Enter your image's pixel size and the size you want to print. This tells you the effective DPI and whether it will print sharp — before a buyer ever prints it.

Runs in your browser. Nothing is uploaded.

How it works

Effective DPI is your pixels spread across the print size: DPI = pixels ÷ inches, taking the smaller of width and height. If a 2400×3000 image is printed at 8×10 inches, that's 300 DPI — sharp. Stretch the same file to 16×20 and it drops to 150 DPI — soft.

What the verdict means

Effective DPIResult
300+Sharp — ideal for any print
200–299Good for medium/large prints
150–199OK for large art viewed from a distance
Under 150Too low — will look soft/pixelated

Preparing a listing? The free Ratio-Pack Generator writes true 300 DPI into every file and flags when an image is too small for a size.

Questions

Quick answers.

How do I check if my image is high enough resolution to print?

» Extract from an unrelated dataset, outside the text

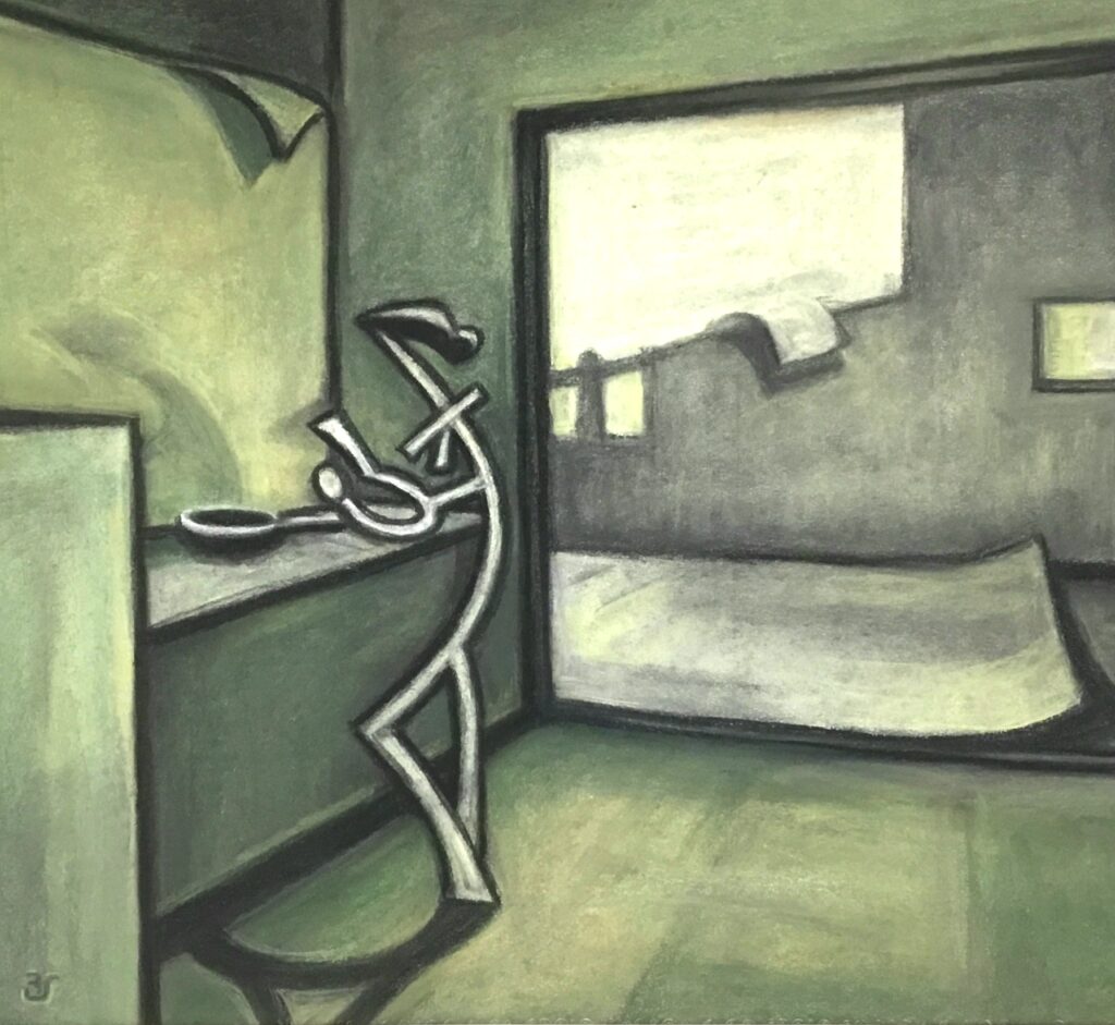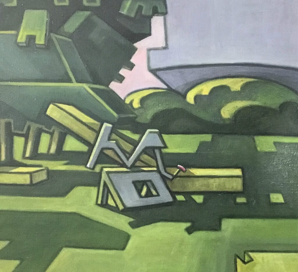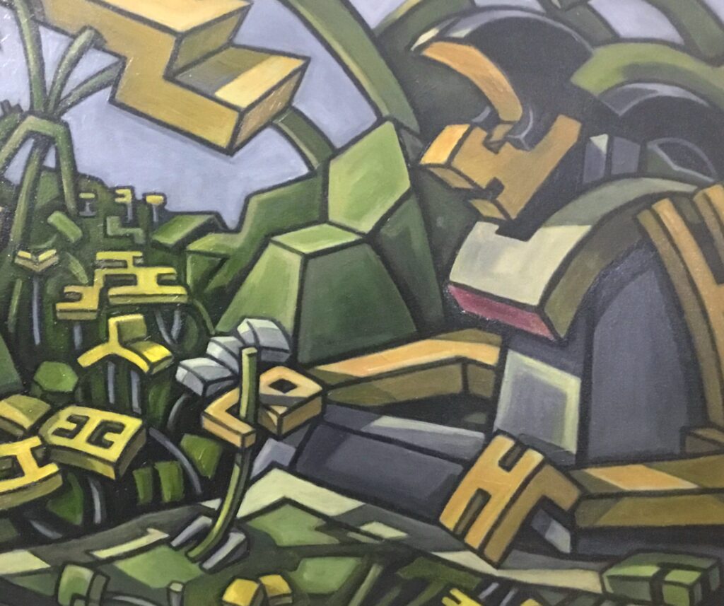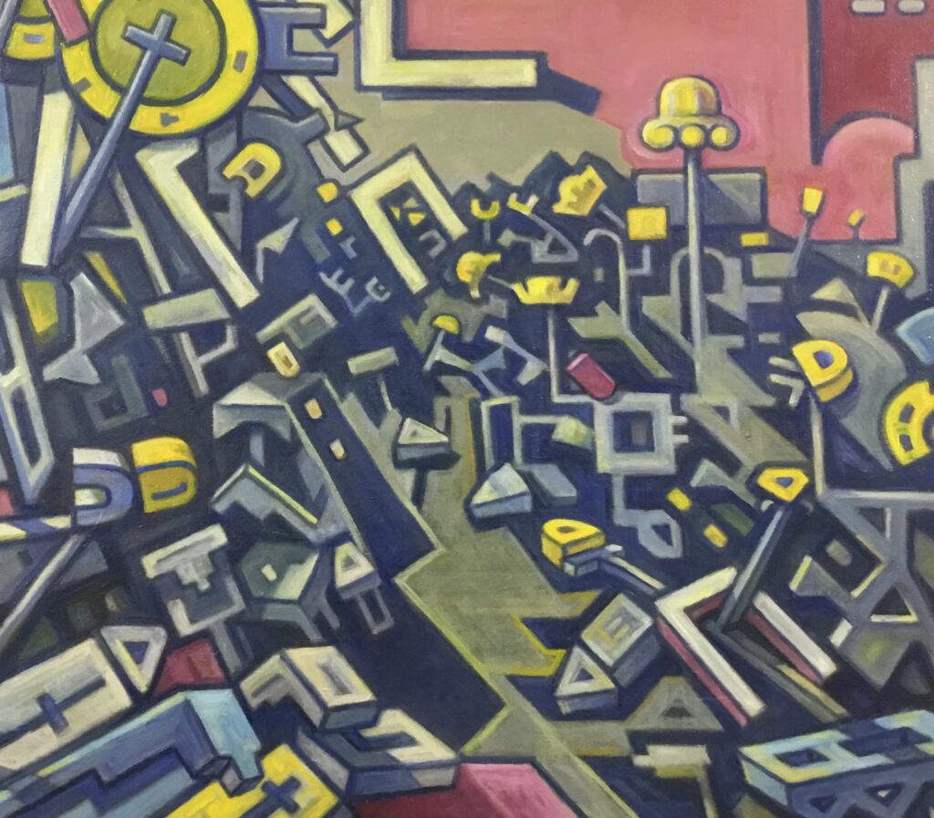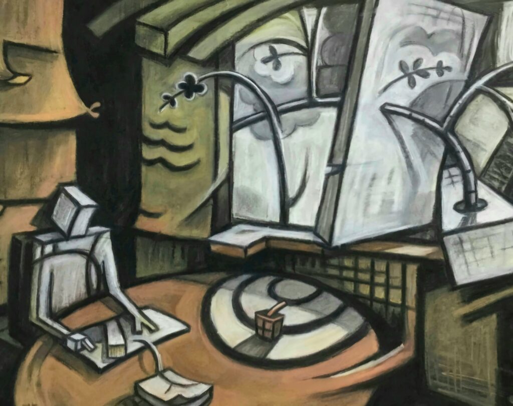 Trained under Frank Lobdell, renowned for his contributions to the Bay Area Figurative Movement, Amitabh inherits a sensibility rooted in the idea of the image’s autonomy. Lobdell’s emphasis on abstraction bearing a vestige of corporeality echoes subtly through Amitabh’s canvases. However, Amitabh does not merely echo his mentor’s idiom; he reworks and transcends it. His visual grammar moves beyond expressive abstraction or narrative figuration, into a painterly syntax that fuses the symbolic and the mundane in a surreal yet coherent schema.

Divide the pixel width by the print width in inches (and height by height); the smaller result is the effective DPI. 300+ prints sharp; below ~150 looks soft.

What is a good DPI for printing?

300 DPI is the standard for sharp prints. Large art viewed from a distance can be acceptable at 150–200 DPI, but small prints need the full 300.

Can I make a small image bigger without losing quality?

Not really — enlarging adds pixels without detail, so it looks soft. Start from the highest-resolution original, or regenerate vector/design-tool art at a larger size.